Module 1: State of the art in AutoML. A mini-tutorial on today's leading AutoML approaches and a more in-depth look on key approaches and available tools.
Module 2: Learning from machine learning experiments (hands-on). We show how to use `openml-python` to download datasets and available machine learning experiment results from OpenML.org. We visualize the effect of hyperparameters without running any experiments but also show how to create and share your own experiments with OpenML.
Module 3: AutoML in Python. To help us get a better overview of the available AutoML systems, we introduce you to our AutoML Benchmark which evaluates various systems across a wide range of datasets.
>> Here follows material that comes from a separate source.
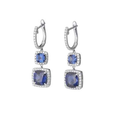 Each brilliant-cut diamond huggie surmount, suspending a pair of square step-cut and cushion-shaped sapphire and brilliant-cut diamond cluster drops, sapphires approx. 4.05 carats total, diamonds approx. 0.50 carat total, length 2.9cm

After this session you will be able to build a model with AutoML in Python, and know how to get insight on how the different tools work for your data.
General understanding of the most important machine learning algorithms. Good coding experience in Python.
Bio: Pieter Gijsbers is a PhD student at the Eindhoven University of Technology. His areas of interest are automated machine learning and meta-learning. He is the main author of GAMA, a research-focused open source AutoML tool. While GAMA is easy to use for end-users, it also allows researchers to try different search techniques and visualize the optimization process. He is a co-author of the Open Source AutoML Benchmark. He is also part of the team working on the openml-python package, providing an easy to use Python interface to OpenML.